Litigators in India face the gruelling task of researching case law, precedents, research papers and academic commentaries while building a case. This is usually done manually by scouring databases such as Manupatra and SCC Online and reading lengthy judgments to extract the key legal principles. Junior Associates are usually responsible for legal research and spend 1.5-2 hours on locating cases, statutes and specific regulations.

Generative AI (“GenAI”) is reshaping legal research by reducing the time taken to locate such primary and secondary sources of law. AI-assisted search can perform this task within 5-15 minutes. This does not mean that litigators will be replaced by AI chatbots that are able to perform legal research efficiently. Rather, AI-assisted research will allow them to shift their focus towards applying and analyzing the law.

This article explains and builds insight on the ways in which GenAI is transforming legal research by generating responses within minutes and creating summaries of case law by leveraging retrieval augmented generation (RAG). Furthermore, the article will highlight the opportunity in India’s LegalTech ecosystem to build domain-specific LLMs based on specific practice areas.

What are GenAI Legal Research Tools?

GenAI Legal Research Tools refer to tools such as Casemine, Manupatra, jhana.ai and Kanoon GPT that are able to generate case law summaries and write briefs within seconds. For example, a prompt given to jhana.ai returned an accurate response. The prompt given was to identify a case law and sections relating to the doctrine of privity of contracts.

AI legal research

GenAI tools usually rely on a process called retrieval augmented generation (RAG). RAG is a process in which the Large Language Model (LLM) does not return a response only based on the data it was trained on but accesses an external database.
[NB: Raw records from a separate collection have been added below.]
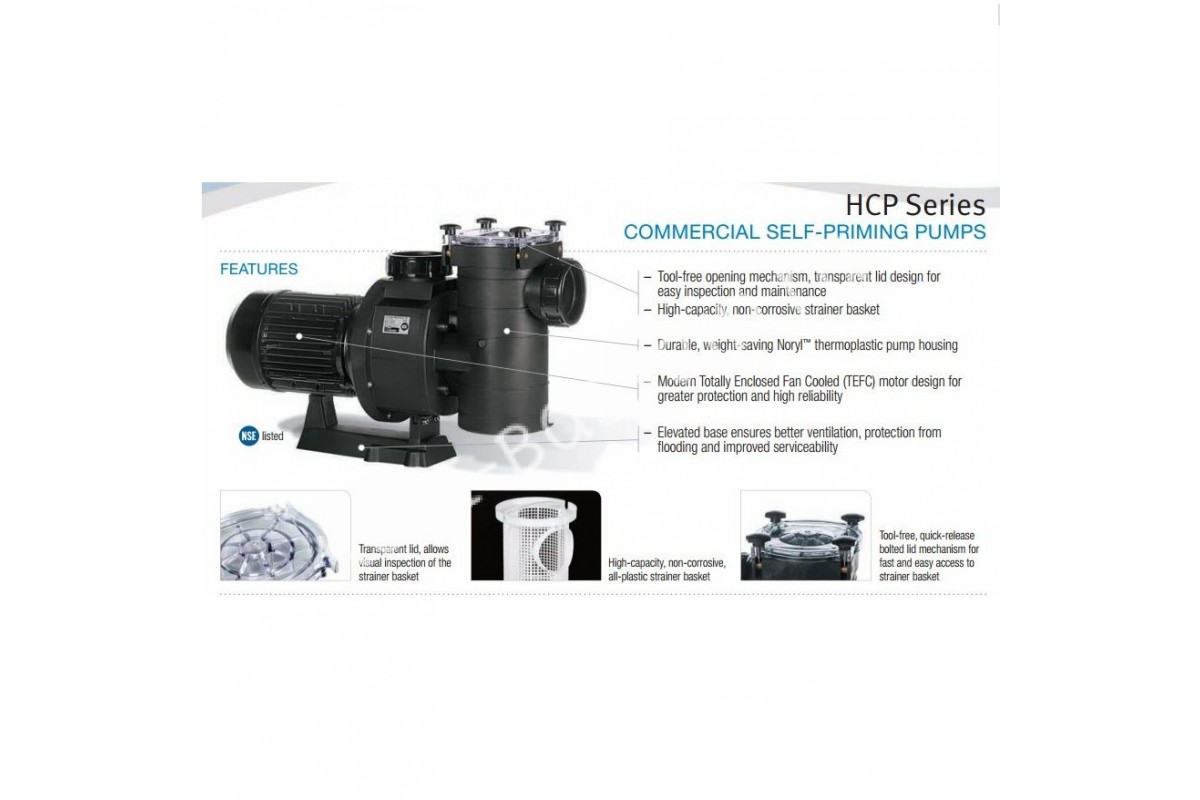 Hayward HCP38251E – современный насос центробежного типа, разработанный для обслуживания коммерческих бассейнов и СПА, является прекрасной альтернативой бронзовым и чугунным моделям. Он характеризуется высокой производительностью, надежностью, простотой монтажа и обслуживания.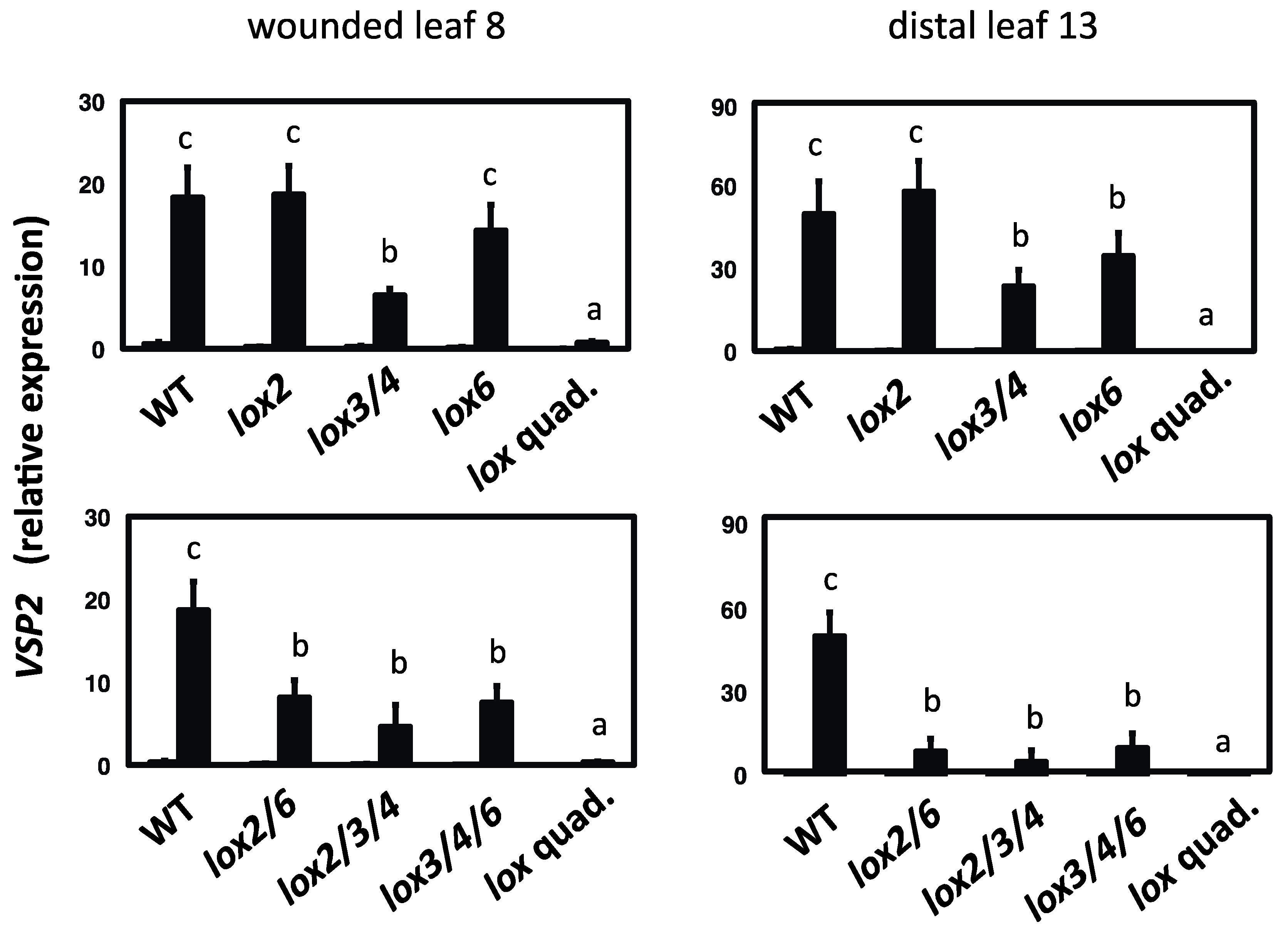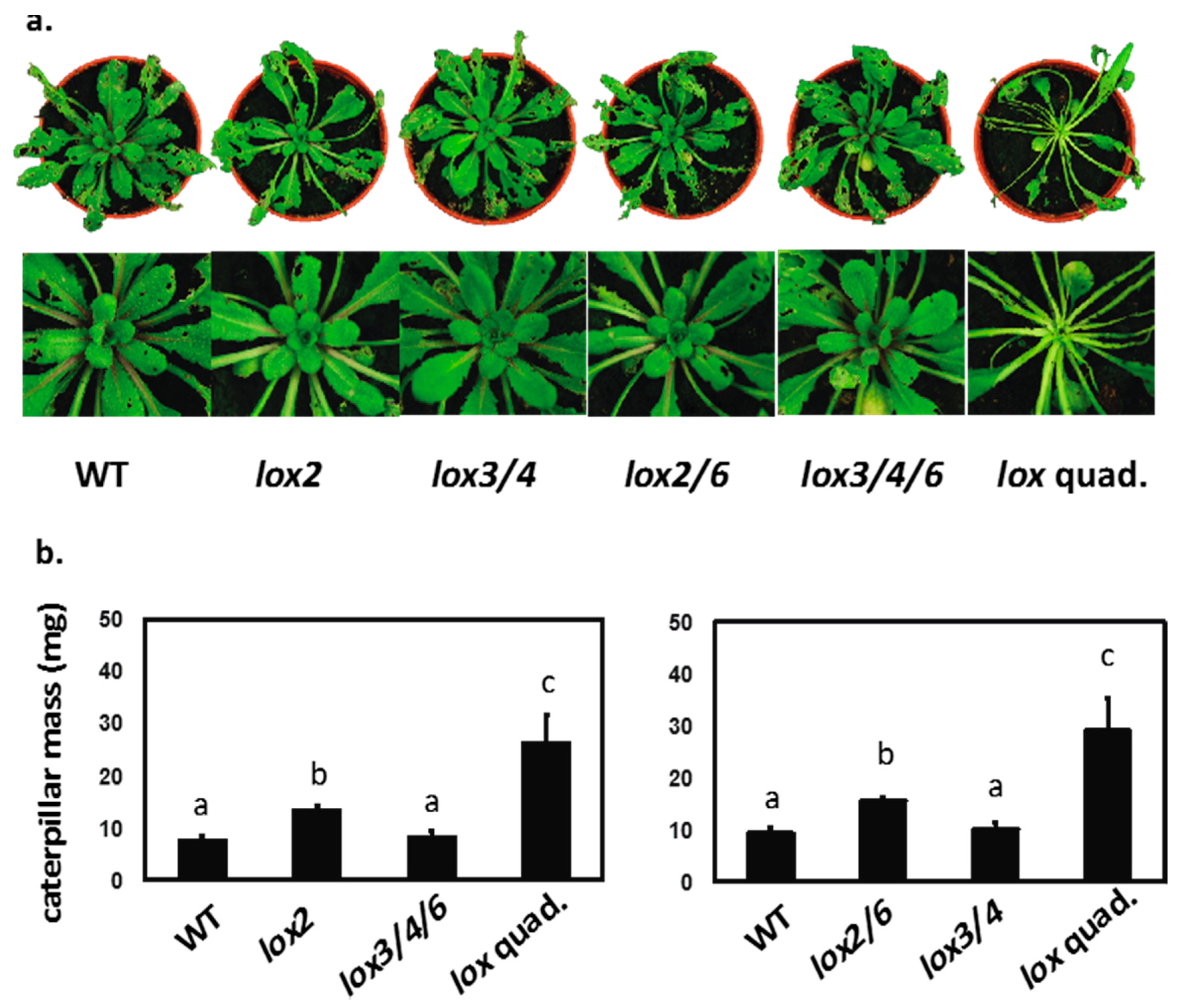 In summary, while LOX2 and LOX6 are known to make different contributions to leaf defense [9,15], the new results show that LOX3 and LOX4 also help protect the rosette.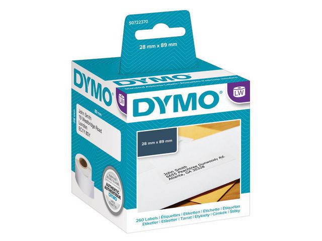 Dymo LabelWriter¿ adressetiketter i standardutförande har en permanent självhäftande baksida som enkelt kan avlägsnas från underlaget. DYMO® LabelWriterT adressetiketter i standardutförande ger snygga, skräddarsydda etiketter på 89 x 28 mm som är perfekta för långa adresser, filhantering och organisation i hemmet eller på kontoret. LabelWriterT-etiketter ger högkvalitativa utskrifter med maximal prestanda. Etiketterna lossnar lätt utan att lämna rester och kan skrivas ut en i taget vid behov för att skapa mindre avfall och undvika trassel. Tack vare termisk överföringsteknik behövs varken bläck eller toner vid utskrift. Två rullar varav varje rulle innehåller 130 etiketter, vilket ger en kostnadseffektiv lösning för dina märkningsbehov.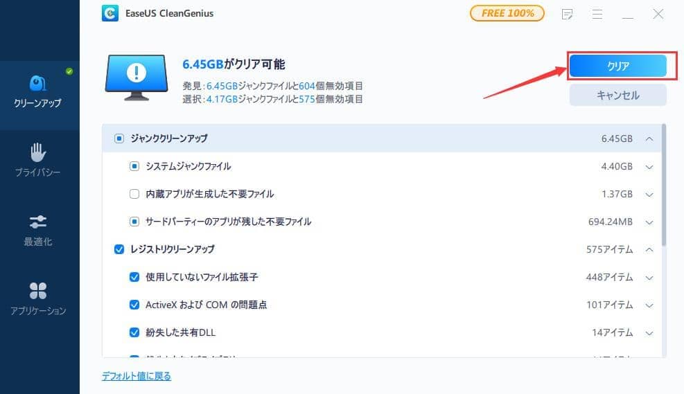 ステップ2.スキャンすると、ジャンクファイルが検出されます。そして「クリア」をクリックします。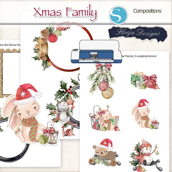Une collection de scrapbooking numérique sur le thème de Noël, avec des illustrations douces et enfantines, composées de petits lapins / koala / bonhome de neige rigolo et père noël tout mignon et joyeux .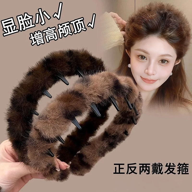 秋冬气质毛绒带齿发箍女2026新款高颅顶时尚头箍洗脸发卡碎发头饰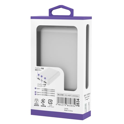 HIDISC コンパクトモバイルバッテリー 10000mAh 3台同時充電 空調服対応 HD3-MBTC10000WHの製品情報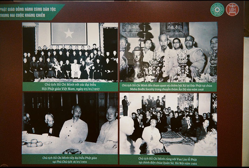 Điểm nhấn đặc biệt của hội thảo là khu vực trưng bày hình ảnh tư liệu quý, tái hiện sinh động những dấu mốc lịch sử gắn liền với chùa chiền, Tăng Ni tiêu biểu và các hoạt động Phật sự đồng hành cùng sự nghiệp cách mạng qua các thời kỳ.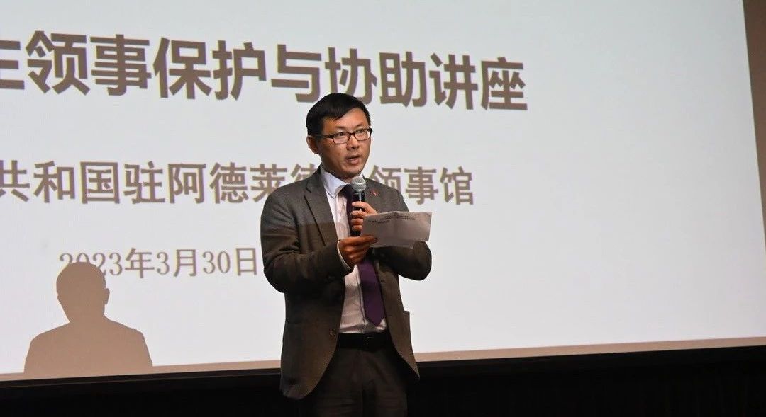 (神州学人网讯)为提升领区内留学人员安全防范意识和应对能力,确保平安留学,3月30日,中国驻阿德莱德总领馆联合南澳州教育推广署在阿德莱德大学举办2023年“领保进校园平安留学”讲座,来自阿德莱德大学、南澳大学和弗林德斯大学约140名中国留学人员参加了活动。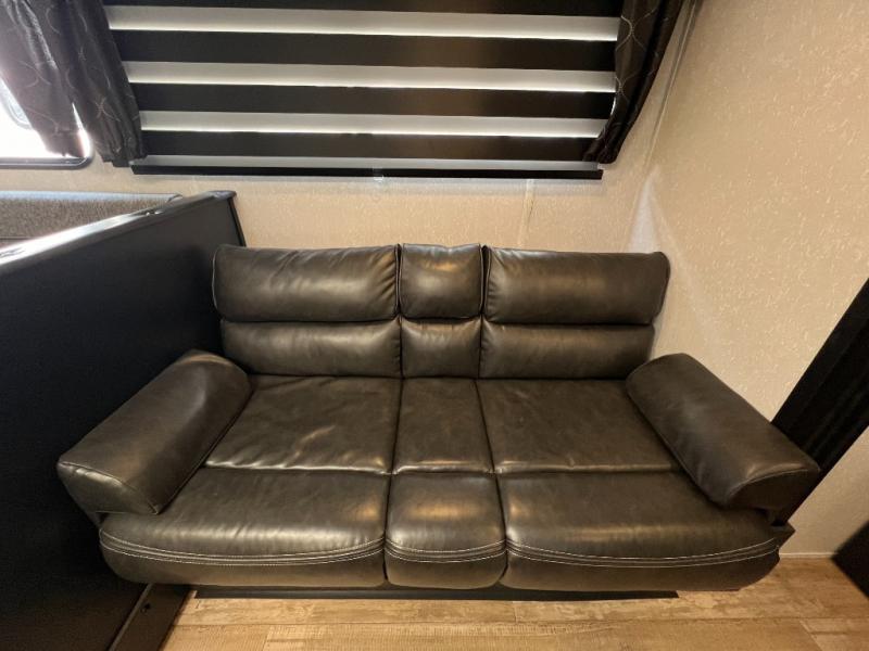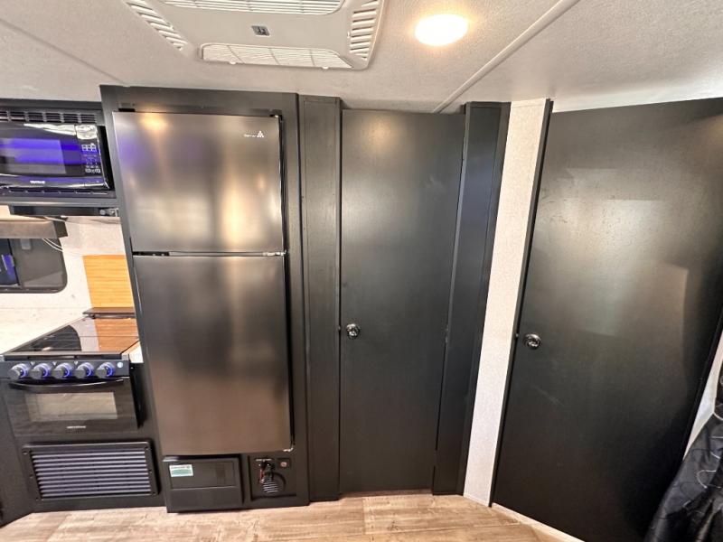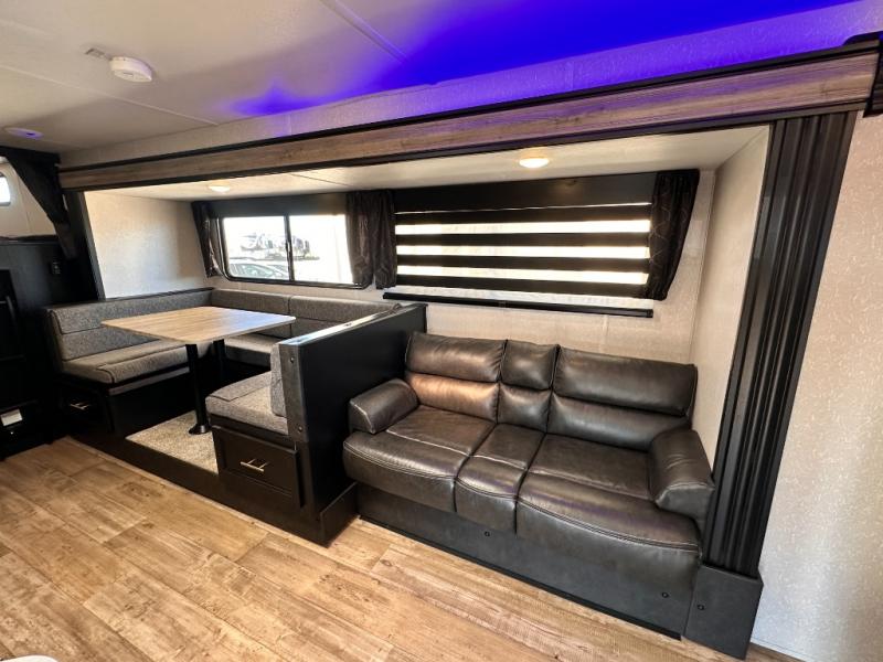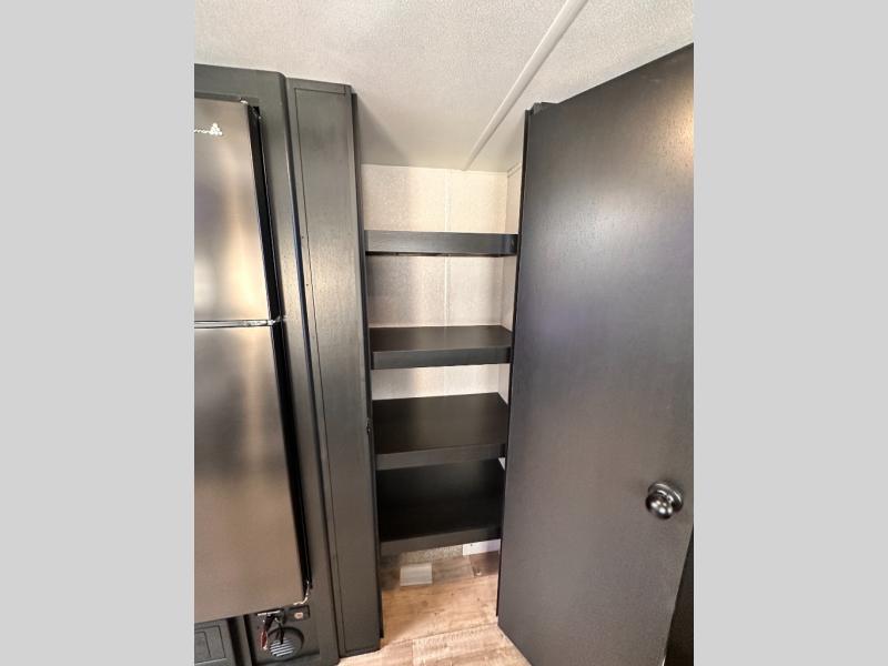 Come on inside this Cherokee Grey Wolf travel trailer and experience the convenience of a smooth flow of traffic in and out with two entry doors. The rear door leads into a full bath which is great for accessibility when outside and when you need to use the bathroom. Once inside, you will notice the large U-shaped dinette and the sofa which sit on the slide and create a spacious footprint for moving about, as well as great places to play games and socialize with your friends and family. A walk-in pantry provides plenty of storage allowing you to stock up on your favorite snacks and dry goods for your family adventure. At night, there is sleeping space for everyone between the double-size bunks and the queen-size bed, plus the furniture.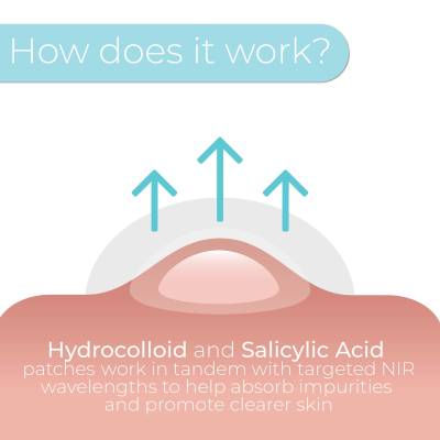 Achieve clearer and smoother looking skin with the rechargeable STYLPRO LED SPOT & BLEMISH PATCH and 20x STYLPRO Hydrocolloid and Salicylic Acid Sticky Patches. The LED Device features 6x Blue (415 nm) and 6x NIR (830 nm) LEDs. The Sticky Patches help absorb impurities (or gunk), exfoliate, and help protect the skin from picking. Also suitable for people with blemish-prone skin.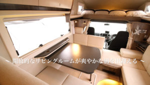 また運転席上部には、スライドをするだけで1860×1830のベッドに早変わり。
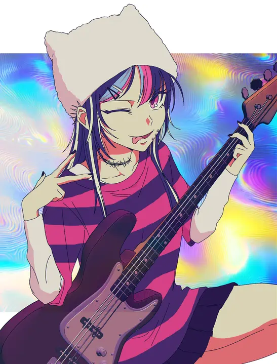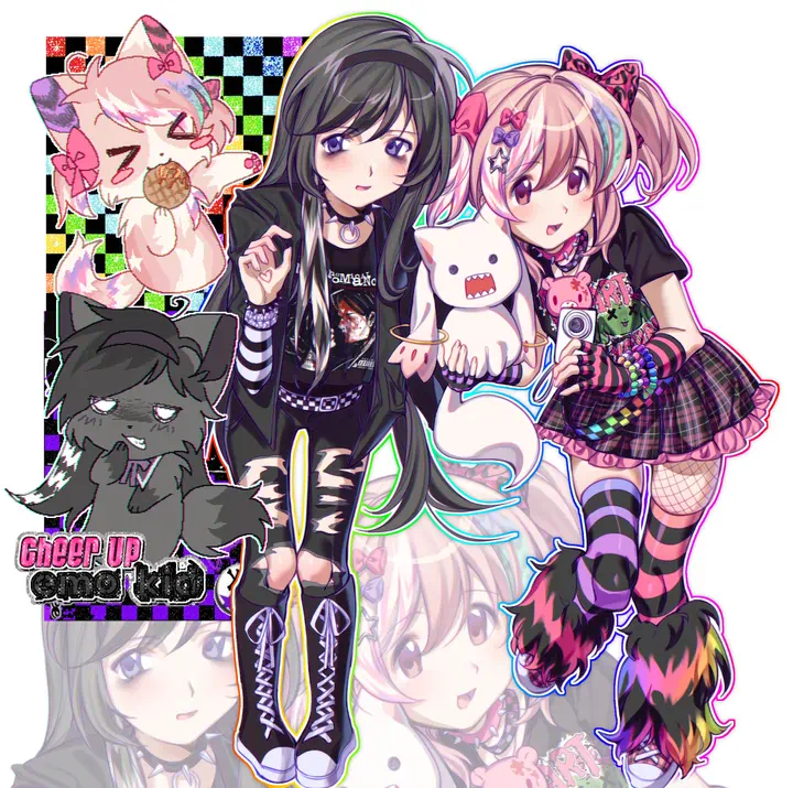 A fashion style similar to emo fashion, but more colorful and over the top. It features many accessories in bright colors, cartoon designs, patterns, and a focus on fluffy, colorful hair.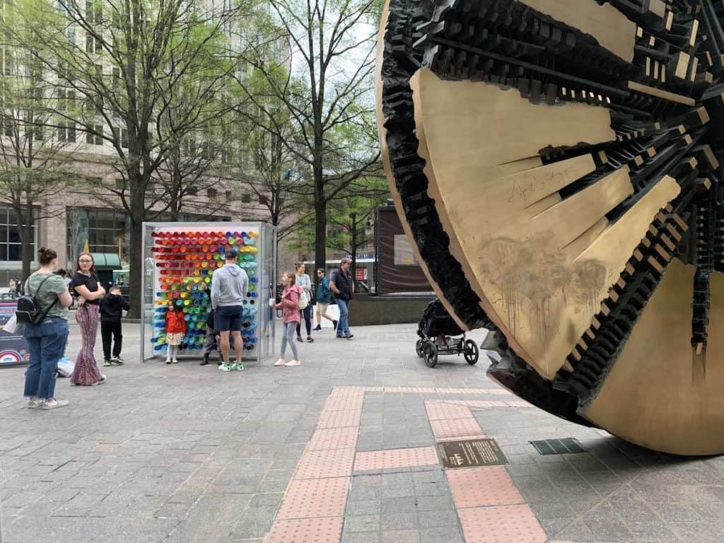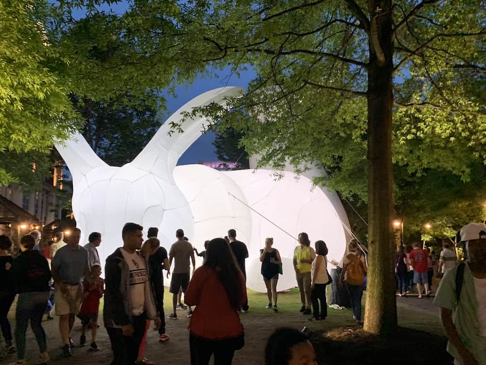 The art installations are one of the most exciting components of Charlotte SHOUT! They are interactive, fun, and (often) big! Kids love them. Everyone finds a different way to interact with them. All of the installations are within just a few blocks in Uptown Charlotte.
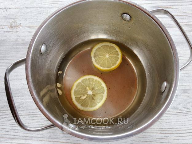 В кастрюлю налить воду, насыпать сахар, добавить пару кружочков лимона. Довести до кипения и снять с огня.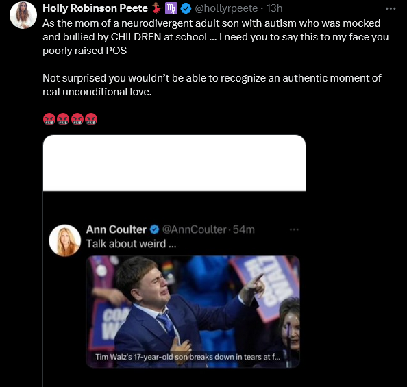 And I wasn’t alone. Holly Robinson Peete, the beloved actress from 21 Jump Street whose own father was an original cast member on Sesame Street, shared her thoughts on Ann Coulter’s demagoguery.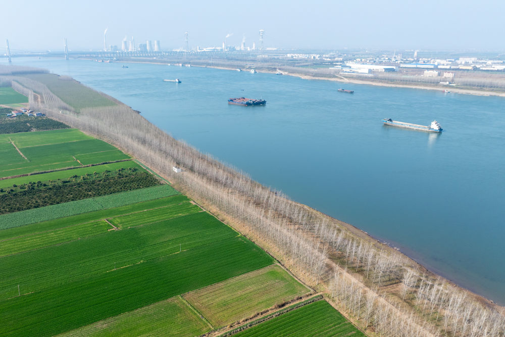2026年1月6日在湖北省荆州市公安县杨家厂镇长江村拍摄的长江荆州段(无人机照片)。杜子璇 摄

For example, if we give a prompt to jhana.ai to explain the key provisions of the DPDP Act, the LLM will understand the query and the prompt first. Then it will tap into a database such as the statute and cases and combine it with the query and the prompt to generate a response. RAG is an extra step added to the tool to contextualize the prompt. The flowchart below explains RAG simply.

legal research AI

How GenAI is Redefining Legal Research Workflows

Before we understand how GenAI is redefining legal research workflows it would be helpful to track the evolution of legal research. Legal research is currently undergoing its 3rd phase of evolution. The 1st phase involved associates using books, statutes, commentaries and physical copies of judgement to cull out principles and arguments. This would lead to manual labor, printing expenses and incorrect citations due to the vast amounts of texts an associate would have to research from.

The 2nd phase involved the digitization of judgements, statutes, commentaries through databases such as SCC, LexisNexis and Manupatra where filters such as type of court, year, jurisdiction and area of law could be applied manually to identify case laws, precedents and sections of statutes. This created efficiency and reduced manual errors but associates still have to spend a considerable time on legal research.

The 3rd phase is ongoing with GenAI transforming legal research workflows by completing tasks in minutes and not hours.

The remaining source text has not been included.